Тогда Светлана ничего не возразила, а сейчас, сидя в автобусе, когда та не слышала, спрашивала ее: "Что, нет разницы -- одна убирает свой дом, а другая зарабатывает на хлеб мытьем чужих вилл? Нет?" Не может она понять, не может, чтобы понять, надо через такое пройти.
Милая женщина, прекрасная женщина, гордится тем, что не нанимает олимов чистить свои конюшни.
Не зря все олимы вздыхают о прошлом.
У каждого была своя ниша, свой устоявшийся мир. А теперь? Кто-то, может, уже нашел свою нишу здесь. Кто-то, может, нашел. А они вот -- нет. Поневоле вспоминаешь о прошлом. Прошлого было много лет. А у мамы и вовсе -- почти вся жизнь. Маме хуже, чем всем им. Они еще могут барахтаться, бороться, что-то делать. У них еще есть надежда. А мама безжалостно выбита из колеи и совсем беззащитна, как ни мужается. Как-то мама сказала:
-- В общем, на что мне жаловаться? Есть крыша, суп, хлеб, да еще и с маслом. Есть деньги на кино. Дети со мной... Только там я была Евгения Ильинична, а здесь я -- ни-что-о.

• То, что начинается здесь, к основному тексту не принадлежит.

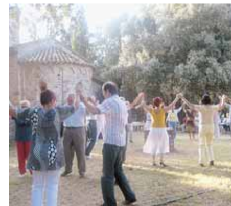
APLEC DE SANT JUSTA DE L'ANY PASSAT

L'acte comptarà amb una audició de sardanes amb la Cobla Principal de l'Escala . Seguidament, hi haurà una celebració eucarística. I, per finalitzar, s'oferirà un concert amb el grup musical Havaneres terra endins . També es repartirà coca i vi bo.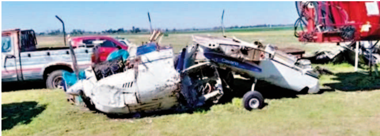
La avioneta estaba a la vera de la Ruta 8.

Los datos, citados por el medio Periodismo en bicicleta, revelan que el avión llevaba entre 7 y 10 días en el lugar. Esto fue determinado por el estado de las ramas que se usaron para camuflarlo, las cuales tardan ese tiempo en secarse, según indicaron las fuentes del caso. Además de los rastros del estupefaciente confirmados por pericias químicas luego de que los perros lo detectaran, las autoridades secuestraron luces led. De acuerdo con la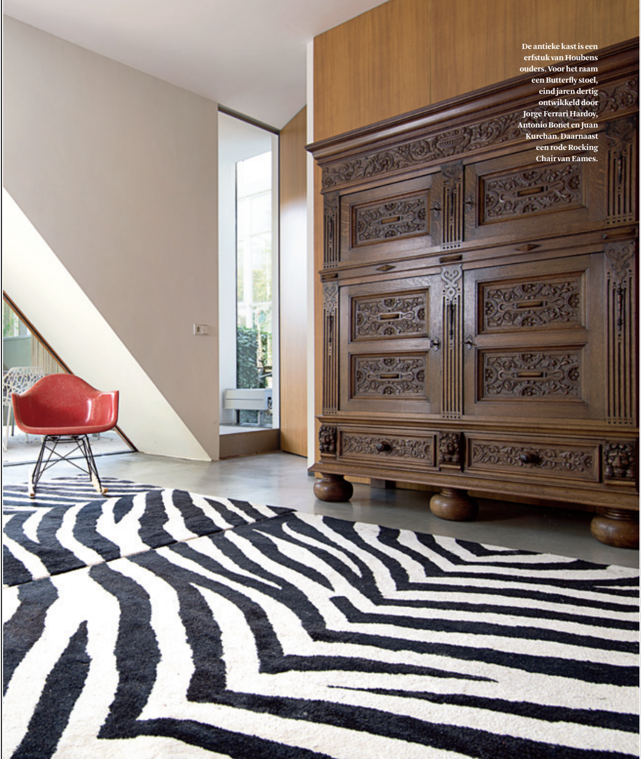
pagina 89, 19-09-2015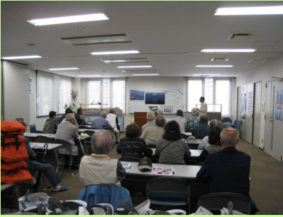
フェニックス概略の説明を受ける

Дерьмо.
-- Бабушка, -- с ухмылкой сказала Светка-младшая, она слышала разговор, -ты здесь гэ-вэ-рэт! {госпожа}
-- Гэвэрэт, -- покачала головой бабушка, -- как раз об этом я мечтала всю жизнь.
-- Мы все здесь дерьмо, -- заметил Анатолий.
Подошел Игорешка:
-- Папа, а что такое "дерьмо"?
Но такое у мамы прорывается редко. Как-то, правда, еще сказала:
-- Одна моя знакомая очень грустит, мол, всех сравняла алия -- и богатеньких, и бедненьких. Конечно, она недовольна: там работала в киевском торге, приехала -- вся в золоте. А у здешних золота больше навешано.
В самом деле сравняла?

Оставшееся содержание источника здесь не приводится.